When an acceptor receives this slot-free 1a, it responds with a 1b that summarizes its voting history across all slots, as a list mapping each slot to the highest (ballot, value) it has voted for there. In the common case of a fresh cluster, this list is empty.

Once a server collects a majority of 1b responses to this combined 1a, it has completed phase 1 for all slots at once. It is now the leader for this ballot.

Because the 1a covers all slots, the ballot number is now unified across all slots. In the unoptimized protocol, slots were independent and each could start fresh with ballot 1. In the optimized protocol, round numbers are shared: electing a new leader requires a strictly higher ballot than any previously used.

Phase 2 is unchanged

Phase 2 (2a/2b) still operates per-slot. When a client request arrives, the leader just runs phase 2 in the appropriate slot, without any phase-1 overhead. This reduces the common-case latency from two round trips to one.

The leader handles client requests until it fails or the network partitions. Followers (non-leader servers) receive client broadcasts and can safely ignore them while they believe the leader is alive.

Spacetime diagram with five vertical process lines C1, S1, S2, S3, C2. Time flows downward. At the top, S1 broadcasts 1a(r = (1, S1)) (no slot number) to itself, S2, and S3. S2 replies 1b(r = (1, S1), summ = []) back to S1 — empty list of prior votes across all slots. After leader election, C1 sends req1 to S1 (the leader). S1 broadcasts 2a(s=0, v=(1, S1), req1) to itself, S2, and S3. S2 replies 2b(s=0, r=(1, S1)) back to S1. S1 sends resp1 to C1. Later, C2 sends req2 to S1, and a single phase-2 exchange (2a/2b for slot 1) completes before S1 sends resp2 back to C2.

Leader change with a higher ballot

When a follower suspects the leader has crashed, it picks a ballot number higher than any it has seen, broadcasts 1a(new_ballot) to all servers, and attempts to become the new leader. If it collects a majority of 1b responses, it succeeds and the old leader — if still running — will find itself unable to get votes for its lower ballot and must step down.
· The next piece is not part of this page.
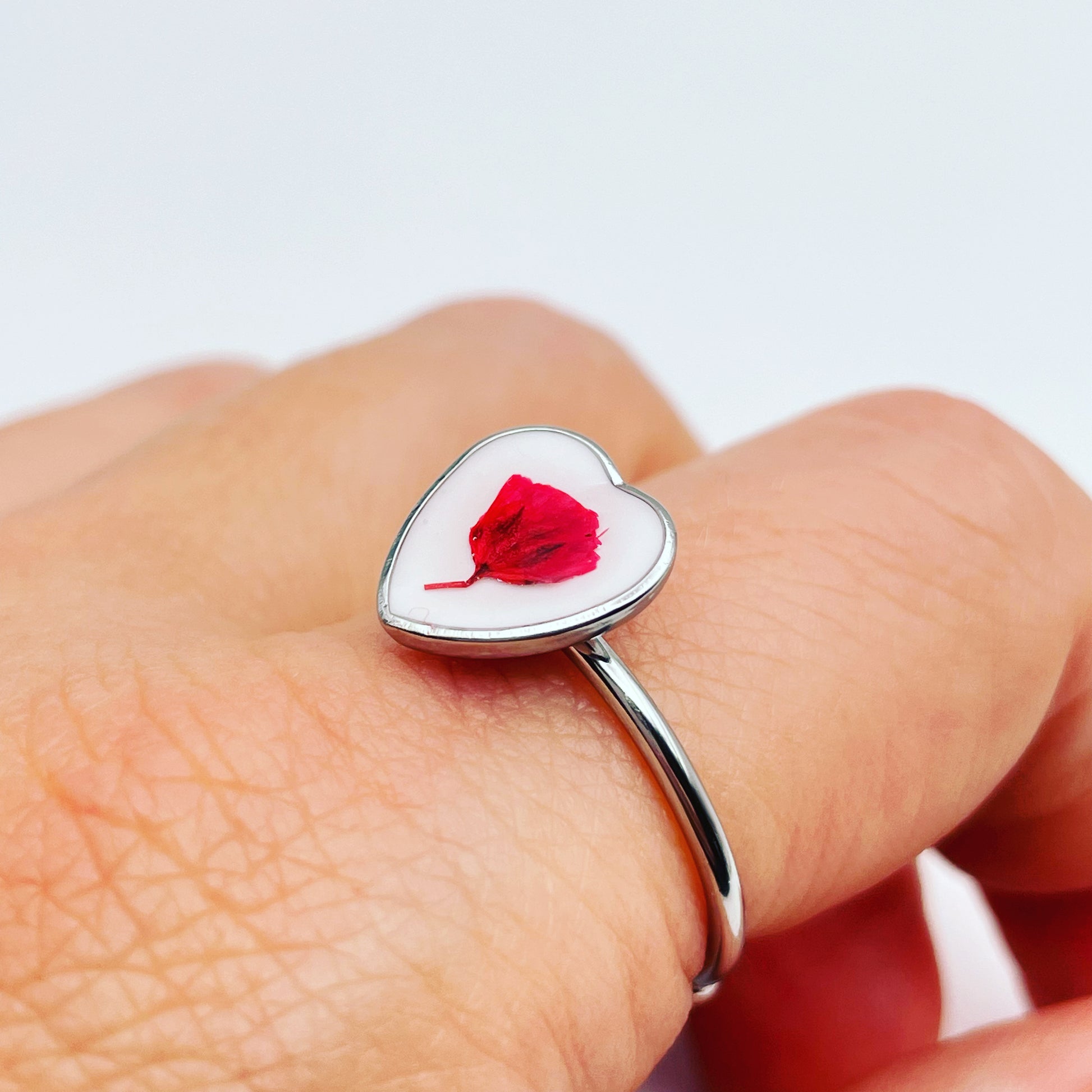 A beautiful and fully adjustable ring handmade with real narcissi flowers and crystals in white lacquer. Most of the flowers are collected during my walks and pressed/dyed at my workshop in London. My inspiration is vintage Victorian and sentimental jewellery. A layer of white resin is applied to the background of the bezel, which gives the piece a beautiful vintage feel.

A server that detects a higher ballot in any incoming message knows its own leadership is over. It can attempt to reclaim leadership by choosing an even higher ballot and re-running phase 1.

Heartbeats

Leaders send periodic heartbeat messages to followers to signal they are still alive. When the system is busy, normal 2a messages serve as implicit heartbeats. When the system is idle, the leader sends explicit heartbeats.

Each follower runs a timer. If the timer expires without hearing from the leader, the follower assumes the leader has crashed and initiates a leader election by sending a new 1a with a higher ballot. The timer interval is a tunable parameter that trades off detection latency against spurious leader changes.

What's Next

Monday's lecture will cover the remaining details needed for Lab 3: catching up lagging servers, log compaction, and other practical considerations.